Gillingham Melanie B, Scott Bradley, Elliott Diane, Harding Cary O
Department of Pediatrics, Oregon Health and Science University, Portland, OR 97239-3098, USA.
Mol Genet Metab. 2006 Sep-Oct;89(1-2):58-63. doi: 10.1016/j.ymgme.2006.06.004. Epub 2006 Jul 27.

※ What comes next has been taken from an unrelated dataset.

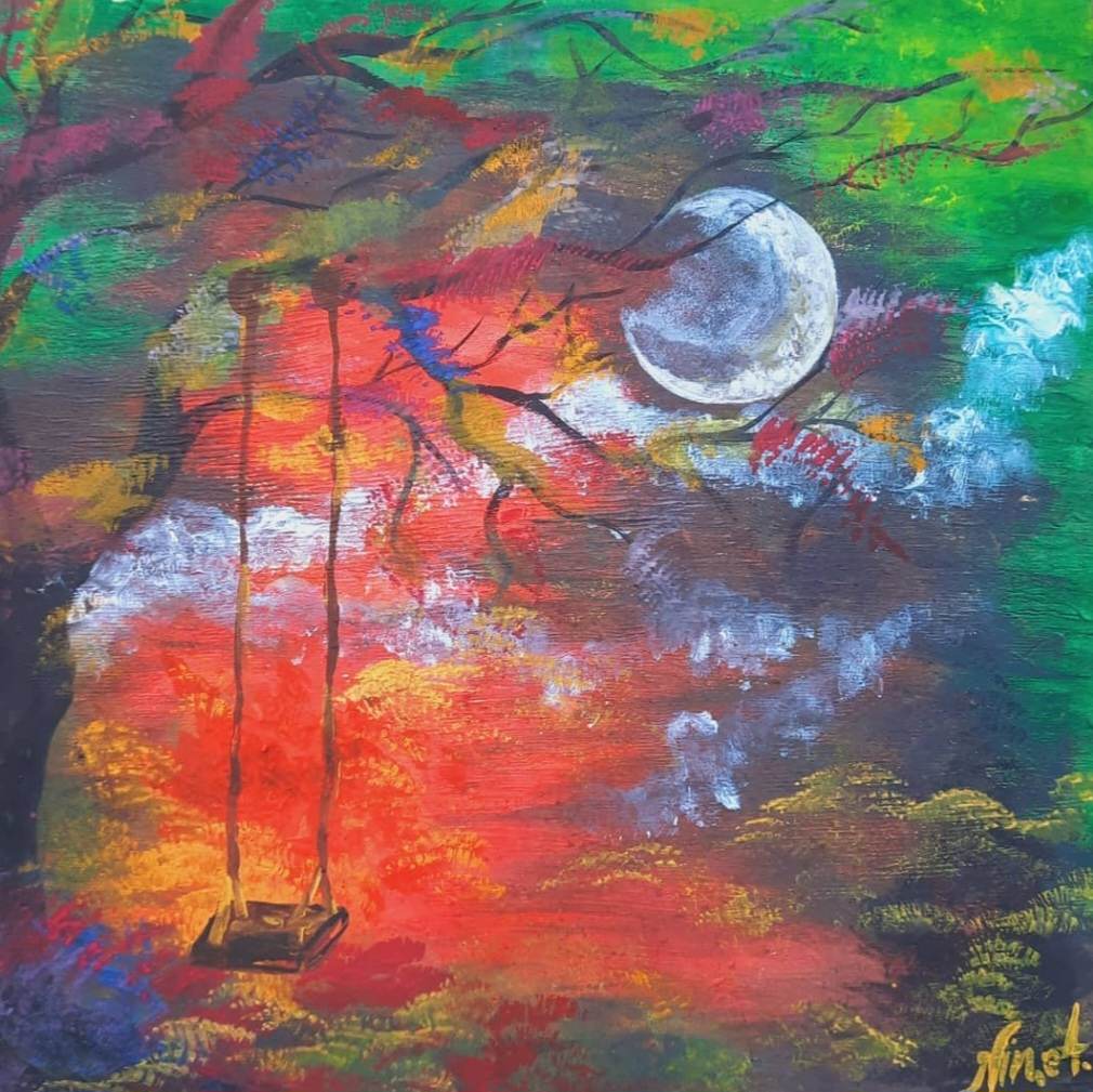 ერთ საღამოს რამდენიმე ფერის ძველი აკრილის საღებავი ვიპოვე, ტილოს პოვნა კი ადვილი არ იყო. რამდენიმეწუთიანი ფიქრის შემდეგ ბებოს უზარმაზარი სამზარეულოს დაფა მოვპარე, რომელსაც რამდენიმე წუთის წინ იყენებდა, ნახატის უკანა მხარეს დღემდე ატყვია ფქვილის კვალი. ნახატის დასრულებამდე დანაშაული არ მიღიარებია. როცა ვაღიარე, უკვე დაგვიანებული იყო…

Exercise induced rhabdomyolysis is a complication of long-chain 3-hydroxyacyl-CoA dehydrogenase (LCHAD) and mitochondrial trifunctional protein (TFP) deficiency that frequently leads to exercise avoidance. Dietary therapy for most subjects includes medium-chain triglyceride (MCT) supplementation but analysis of diet records indicates that the majority of patients consume oral MCT only with breakfast and at bedtime. We hypothesized that MCT immediately prior to exercise would provide an alternative fuel source during that bout of exercise and improve exercise tolerance in children with LCHAD deficiency. Nine subjects completed two 45 min moderate intensity (60-70% predicted maximum heart rate (HR)) treadmill exercise tests. Subjects were given 4 oz of orange juice alone or orange juice and 0.5 g MCT per kg lean body mass, 20 min prior to exercise in a randomized cross-over design. ECG and respiratory gas exchange including respiratory quotient (RQ) were monitored. Blood levels of acylcarnitines, creatine kinase, lactate, and beta-hydroxybutyrate were measured prior to and immediately after exercise, and again following 20 min rest. Creatine kinase and lactate levels did not change with exercise. There was no significant difference in RQ between the two exercise tests but there was a decrease in steady-state HR following MCT supplementation. Cumulative long-chain 3-hydroxyacylcarnitines were 30% lower and beta-hydroxybutyrate was three-fold higher after the MCT-pretreated exercise test compared to the test with orange juice alone. Coordinating MCT supplementation with periods of increased activity may improve the metabolic control of children with LCHAD and TFP deficiency following exercise.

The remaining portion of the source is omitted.